• EXCERPTED RECORDS
★ ★ ★ ★

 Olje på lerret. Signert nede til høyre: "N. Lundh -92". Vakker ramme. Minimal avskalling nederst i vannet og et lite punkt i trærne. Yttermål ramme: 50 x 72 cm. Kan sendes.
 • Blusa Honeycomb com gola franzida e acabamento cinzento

★ ★ ★ ★

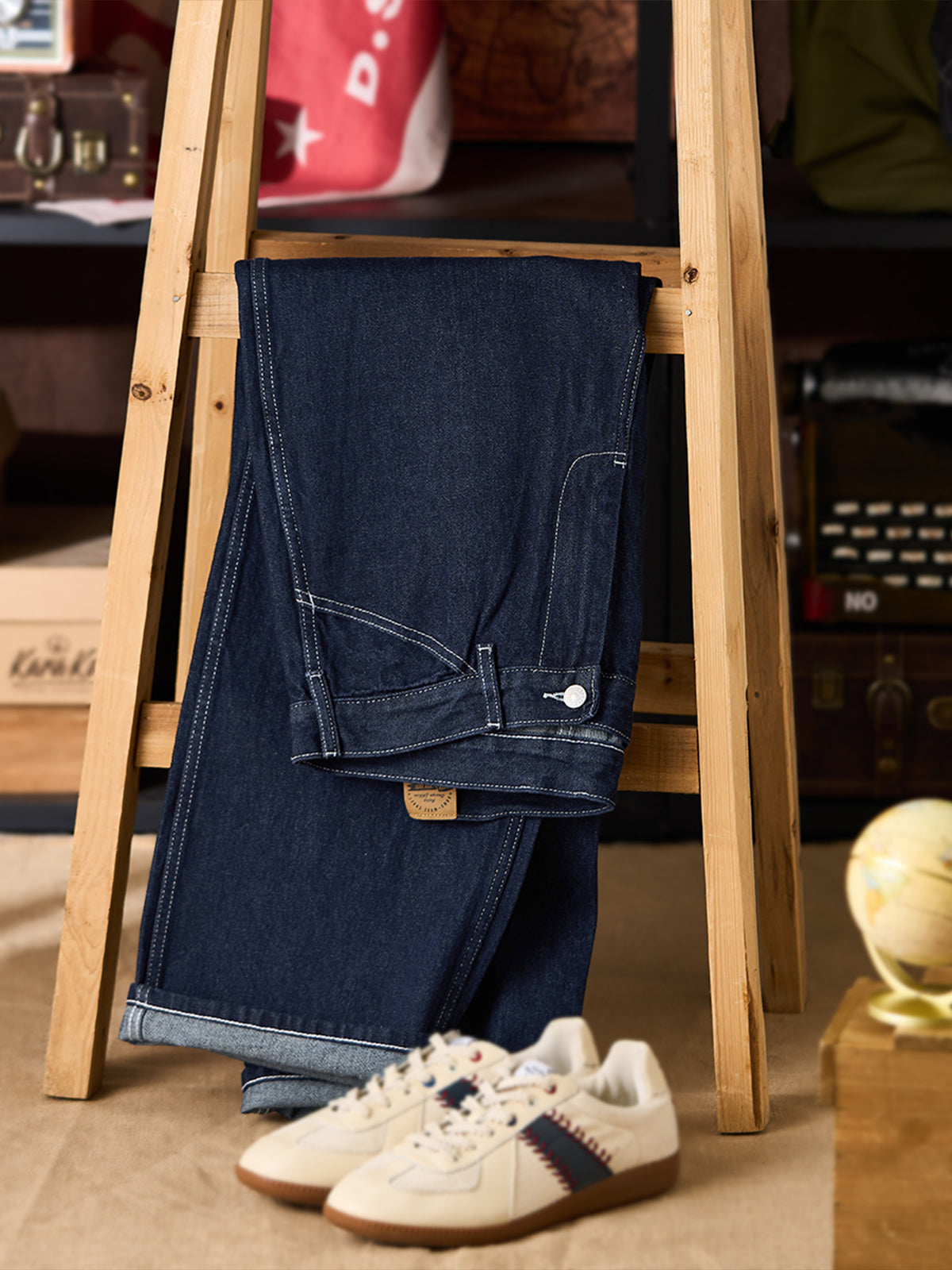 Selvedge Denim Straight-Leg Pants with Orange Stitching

★ ★ ★ ★

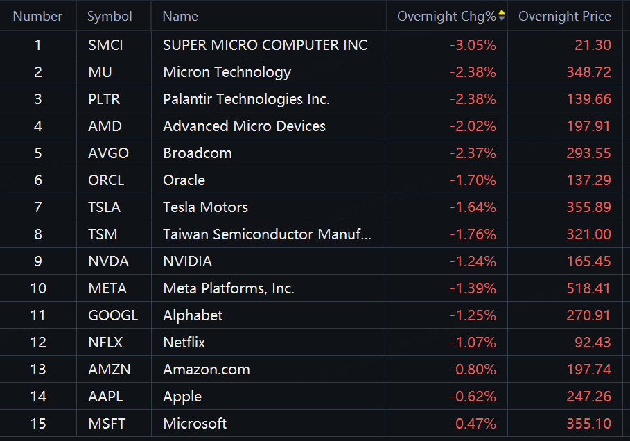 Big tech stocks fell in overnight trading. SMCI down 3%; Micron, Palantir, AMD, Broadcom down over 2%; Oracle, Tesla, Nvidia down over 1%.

★ ★ ★ ★

• ABOUT THIS TASK
All that is wanted is the stretch of lines above from the one containing "Olje på lerret." through the one containing "e acabamento cinzento", duplicated exactly.

• RESULT BELOW
 Olje på lerret. Signert nede til høyre: "N. Lundh -92". Vakker ramme. Minimal avskalling nederst i vannet og et lite punkt i trærne. Yttermål ramme: 50 x 72 cm. Kan sendes.
 • Blusa Honeycomb com gola franzida e acabamento cinzento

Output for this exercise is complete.